Questi genitori pensano che il figlio sia di loro proprietà esclusiva, come se fosse un oggetto. Non si rendono conto che è una persona indipendente che deve costruire la sua vita e non è venuto al mondo per soddisfare i loro bisogni. È come se il cordone ombelicale non fosse mai stato reciso, per cui ogni volta che il figlio rivendica un po’ d’indipendenza, i genitori lo legano più stretto per impedirgli di abbandonare la famiglia.

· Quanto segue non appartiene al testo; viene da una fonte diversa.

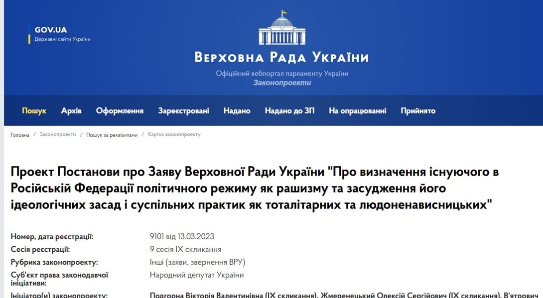 Народні депутати пропонують не тільки закріпити чітке визначення режиму, але також засудити його ідеологію, яка побудована на тотальній ненависті до людства.
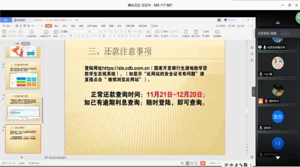 三年级与毕业年级开展诚信还款、诚信就业专题工作培训。通过集中培训深入宣讲生源地贷款还款流程、毕业生毕业确认等贷后管理工作。在生源地贷款还款培训会上,陆波老师结合开云官网学生贷款的实际情况,为同学们详解介绍了资助政策、毕业确定操作指南、还款注意事项、提前还款、个人信息变更和个人征信问题等具体事宜,并就采取何种方式还款、何时还款、诚信还款等给予了诸多建议并现场解答了部分学生提出的问题,让参会的每一位同学对生源地贷款还款的流程和注意事项有了更全面、更深刻的了解。
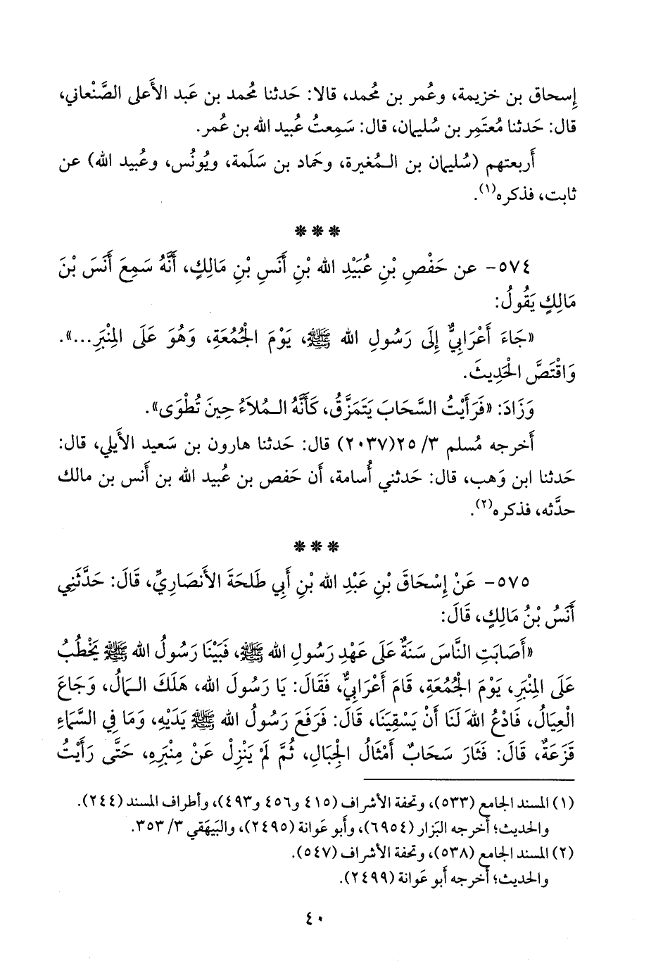 ٥٧٤ - عن حفص بن عُبيد الله بن أَنس بن مالك، أنه سمع أَنس بن مالك يقول:

In realtà, i genitori che usano i propri figli come un’àncora o un bastone sono vittime delle proprie paure e insicurezze. Perché non le superano, le trasmettono ai loro figli. In un certo senso, hanno messo in moto un meccanismo di manipolazione emotiva basato sul sacrificio e sulla sacralità dei legami familiari per “costringerli” a stare con loro e non formare una propria famiglia. Ma la maggior parte di loro non è consapevole del danno causato da queste responsabilità.

Un figlio ancorato alle disgrazie dei suoi genitori

La figlia “bastone della vecchiaia” o il figlio “àncora” vengono cresciuti espressamente per soddisfare le aspettative dei genitori, quindi non sorprende che finiscano per vedere il mondo attraverso i loro occhi. Fin dai primi anni viene instillato loro che la tranquillità e i desideri dei genitori dovrebbero prevalere sui loro interessi.

Frasi come “non puoi partire per quel viaggio perché soffrirò molto se ti succede qualcosa” o “non fare tardi perché non riuscirò a dormire pensando che ti succederà qualcosa” riflettono una preoccupazione reale, ma anche egocentrica dei genitori, che antepongono le loro paure e la loro tranquillità al desiderio di esplorare di un bambino o il desiderio di divertirsi di un adolescente. Quell’iperprotezione, più che proteggere, finisce per inabilitare i loro figli.

Fin dalla tenera età, questi figli imparano a cedere ai desideri dei genitori mentre sviluppano il senso di colpa. Presumono di non poter condurre la vita che vorrebbero perché i loro genitori non la approvano. A lungo andare, possono anche credere di non essere in grado di costruirsi una vita indipendente semplicemente perché non hanno avuto occasione di mettere alla prova le proprie capacità.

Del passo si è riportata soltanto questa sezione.